Downloading the dataset

  1. Download the dataset from here.

Testing the solution

  1. Navigate to the S3 console.
  2. Click on the bucket name (created by CloudFormation template and listed in the Outputs section of the stack).
  3. Create folder named input in the S3 bucket.
  4. Upload the downloaded dataset to the folder created in step 3.
  5. The above will trigger a lambda function to chunk the files into smaller files and proceed to another lambda function triggered by an SQS event to perform the following preprocessing steps: removal of https links, VADER sentiment scores of the 4 categories (compound, positive, negative, and neutral), and saving the file as a parquet file in S3 the path called processedv4.

Step 4: Setup AWS Glue Data Catalog

An AWS Glue Data Catalog will allows us to easily import data into AWS Glue DataBrew.

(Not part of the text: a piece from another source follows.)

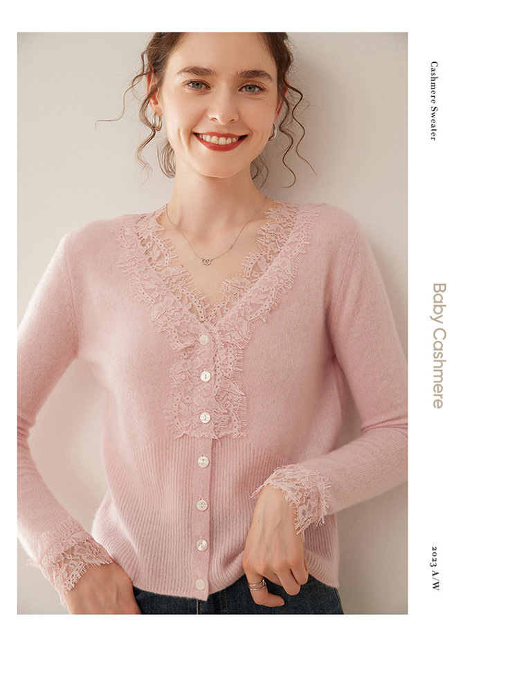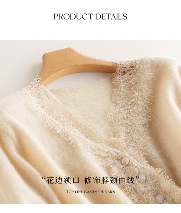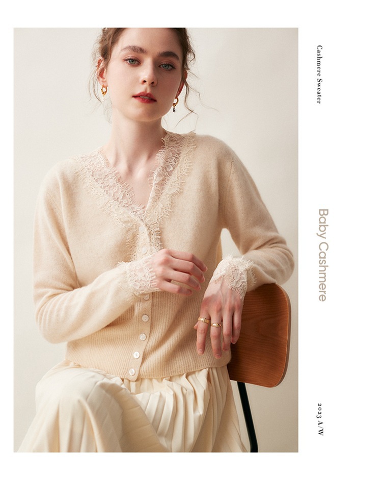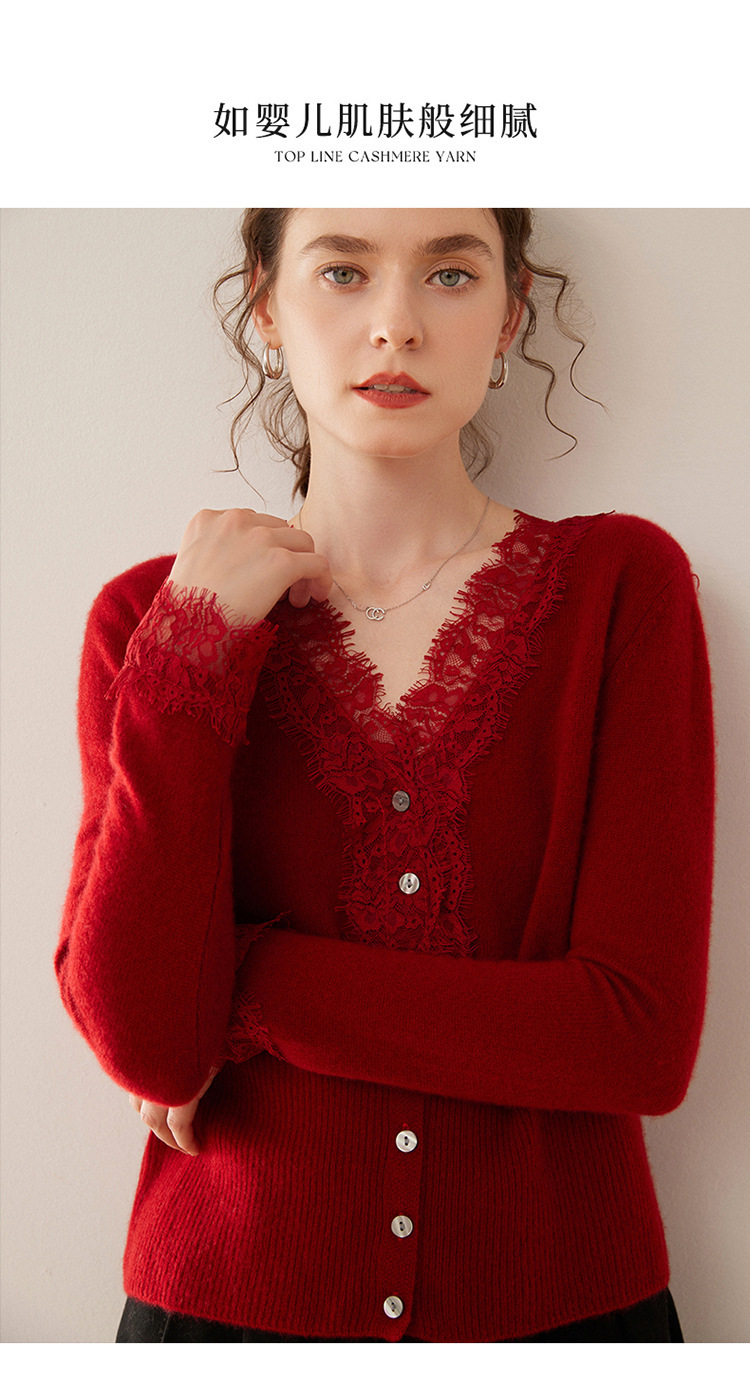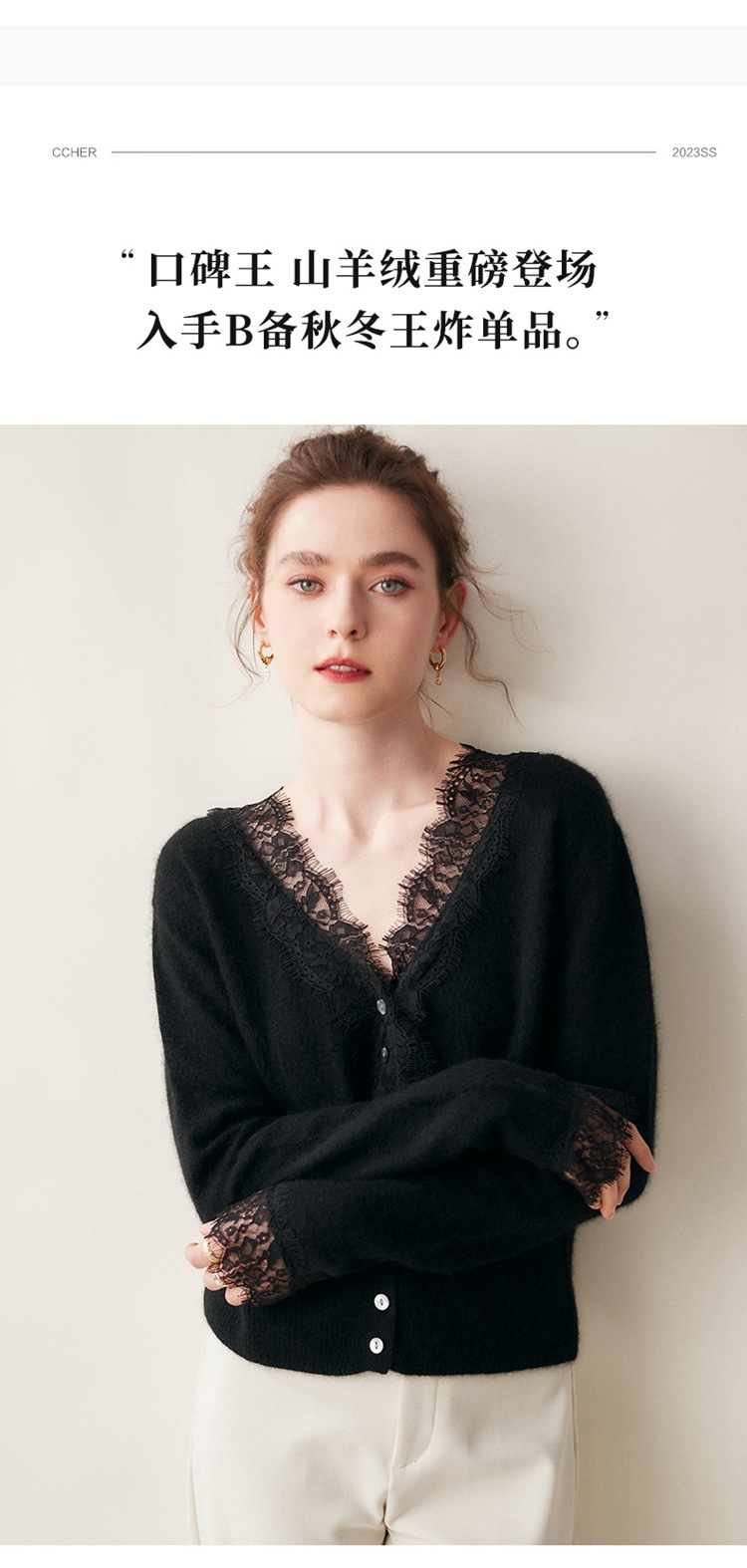 【自】全新升级【铂金会员422/天猫569/差价147】(21706) 洛诗琳鄂尔多斯100纯羊绒蕾丝花边V领针织羊绒开衫女

Follow these steps to create a Glue crawler that crawls the the raw data with VADER output in partitioned parquet files in S3 and determines the schema:

  1. Choose a crawler name.
  2. Use the default options for Crawler source type.
  3. Provide the S3 location of the parquet files.
  4. Choose/Create an IAM role that has read/write permissions to S3 and the AWSGlueServiceRole policy attached.
  5. Set the frequency as Run on demand.
  6. Choose a database name for the crawler’s output.
  7. Leave all remaining options as default.

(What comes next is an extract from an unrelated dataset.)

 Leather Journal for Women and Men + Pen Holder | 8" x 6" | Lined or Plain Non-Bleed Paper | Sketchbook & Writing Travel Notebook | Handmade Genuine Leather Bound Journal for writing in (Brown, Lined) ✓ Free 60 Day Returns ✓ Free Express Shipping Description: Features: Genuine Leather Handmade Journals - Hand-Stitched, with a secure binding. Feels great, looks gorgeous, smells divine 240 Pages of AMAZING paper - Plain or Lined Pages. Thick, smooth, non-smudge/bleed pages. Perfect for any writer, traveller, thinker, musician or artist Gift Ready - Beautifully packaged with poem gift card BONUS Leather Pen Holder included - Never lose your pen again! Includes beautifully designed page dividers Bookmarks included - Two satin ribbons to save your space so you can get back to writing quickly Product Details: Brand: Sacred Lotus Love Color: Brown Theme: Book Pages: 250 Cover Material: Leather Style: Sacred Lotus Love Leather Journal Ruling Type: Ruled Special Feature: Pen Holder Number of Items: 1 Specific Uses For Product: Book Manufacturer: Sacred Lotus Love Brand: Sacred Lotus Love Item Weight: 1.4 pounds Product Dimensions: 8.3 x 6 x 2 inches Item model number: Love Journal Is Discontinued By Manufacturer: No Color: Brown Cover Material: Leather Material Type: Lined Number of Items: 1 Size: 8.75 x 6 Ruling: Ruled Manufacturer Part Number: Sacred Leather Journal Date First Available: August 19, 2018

Once the crawler has been created, select and run the new crawler. Upon completion, the table schema is generated and visible within Tables under the Databases section in the AWS Glue console.

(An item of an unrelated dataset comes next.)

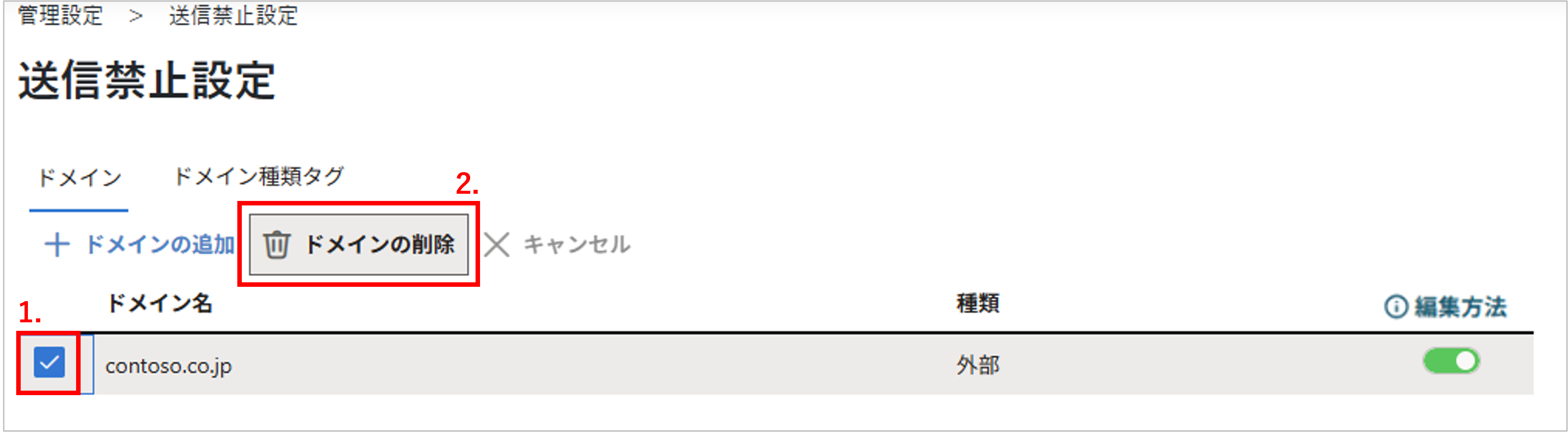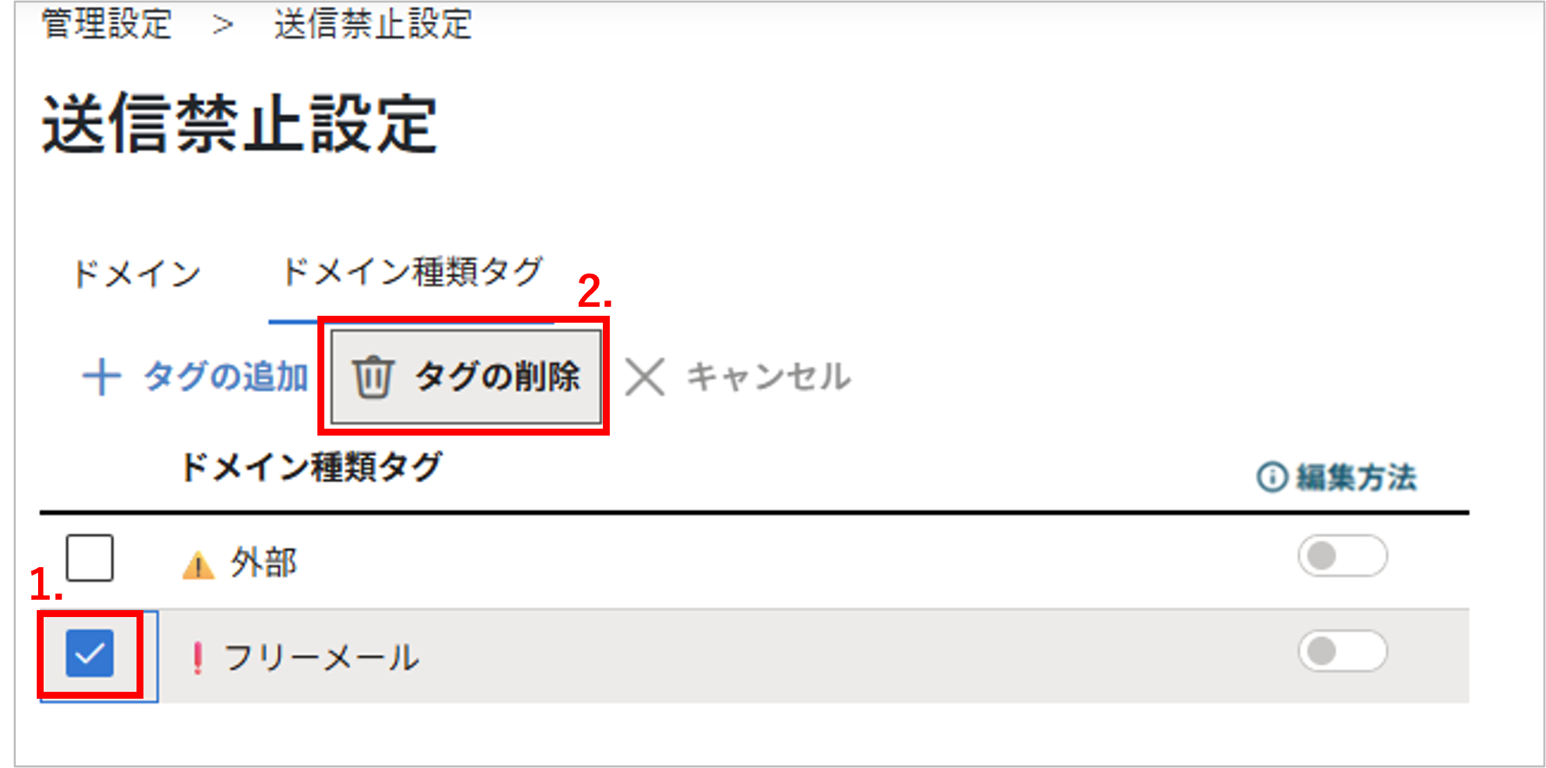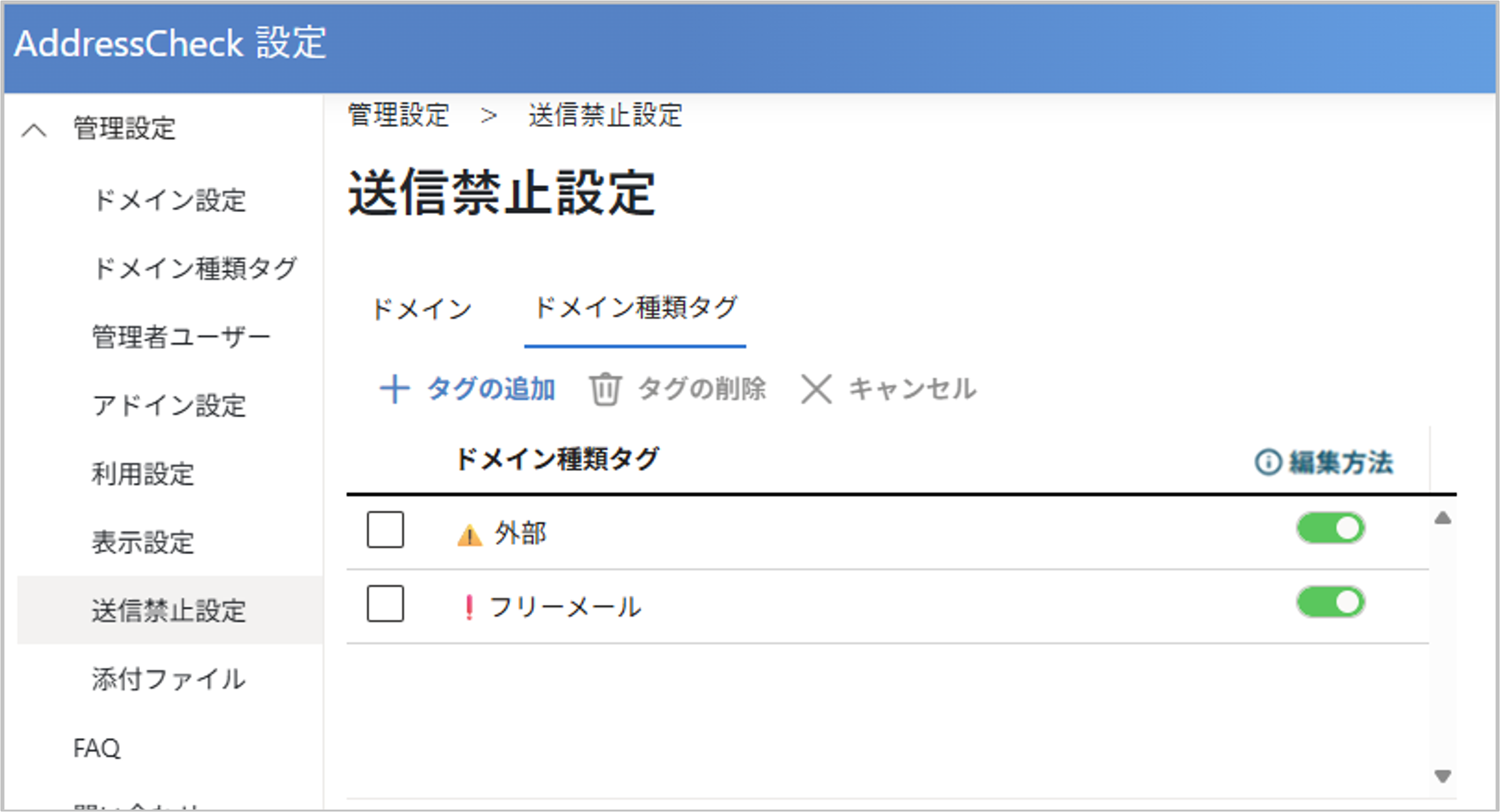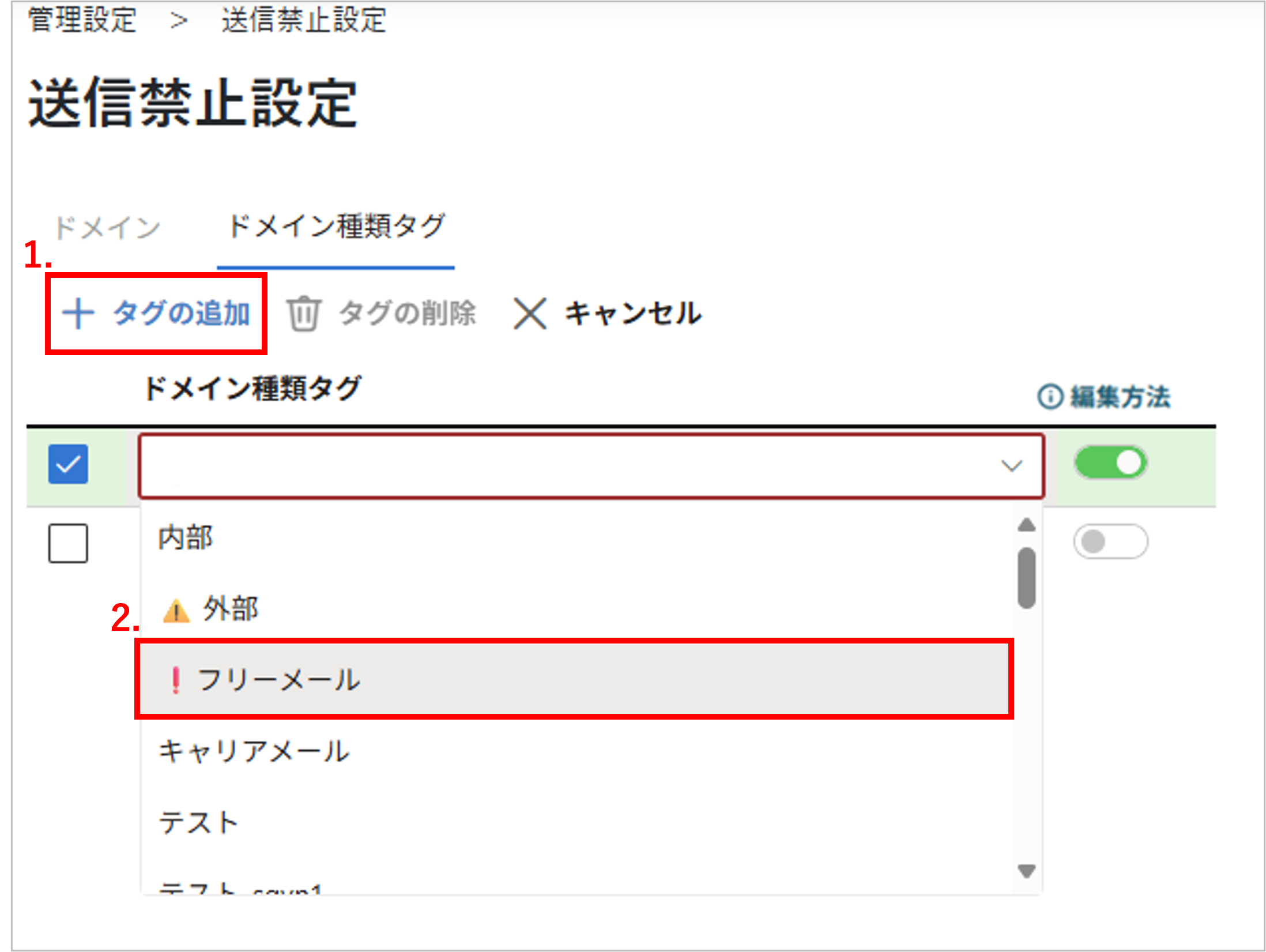有効に設定したドメイン種類タグが送信禁止の対象になります。

Step 5: Creating a DataBrew project

To get started with AWS Glue DataBrew, complete the following steps:

  1. On the DataBrew console, choose Projects.
  2. Choose Create project.
  3. For Project Name, enter covid19-tweets.
  4. For Attached recipe, choose Create new recipe.
  5. For Recipe name, enter covid19-tweets-recipe.
  6. For Select a dataset, select New dataset.
  7. For Dataset name, enter covid19-tweets-data.
  8. Import the AWS Glue table <YOUR-GLUE-TABLE-NAME> from the AWS Glue database <YOUR-GLUE-DATABASE-NAME>.
  9. Create a new AWS Identity and Access Management (IAM) policy and IAM role by following the steps on the AWS Glue DataBrew console, which provides DataBrew the necessary permissions to access Amazon S3, Amazon Athena and AWS Glue.
  10. Select Create Project.

Step 6: Data transformations, creating a AWS Glue DataBrew recipe and recipe job

Exploratory data analysis (EDA) is an essential component of the data transformation workflow. EDA allows us to gain an intuitive understanding of the dataset by summarizing its main characteristics such as the distribution of data across columns, the corresponding data types and summary statistics. For more information on EDA using AWS Glue DataBrew, see the Exploratory Data Analysis section of the post Data preprocessing for machine learning on Amazon EMR made easy with AWS Glue DataBrew.

The set of data transformation steps listed below are based on the EDA and the attributes we would like to visualize in the Amazon QuickSight dashboard.

  1. Delete the following columns user_descriptionuser_createduser_verifiedis_retweet, user_followers, user_friends, user_favourites and use_name, because the aforementioned columns are not dependent for Amazon QuickSight dashboard.

Based on the schema view of the dataset, we can observe that the date column is represented as a string. AWS Glue DataBrew provides various transformations date-time formats to convert date types.

  1. Select from the dropdown select Date functions, then DATEFORMAT.
    1. Create a new column based on the values in the source column.
    2. For source column, select date.
    3. For date format, select mm/dd/yy*HH:MM.
  2. Delete the date column and rename the date_DATEFORMAT column to date.


A visual representation of the positive, negative, neutral, and compound scores generated by the VADER AWS Lambda function is helpful to understand the sentiments of the tweets over time. Individual scores could have large variation between rows leading to large fluctuations on the line graph. We can use the rolling window transformation over observations in a column, to create a smoother, less fluctuating line graph. To apply the rolling window function, create a less granular version of the date column that is truncated of the hours and minute.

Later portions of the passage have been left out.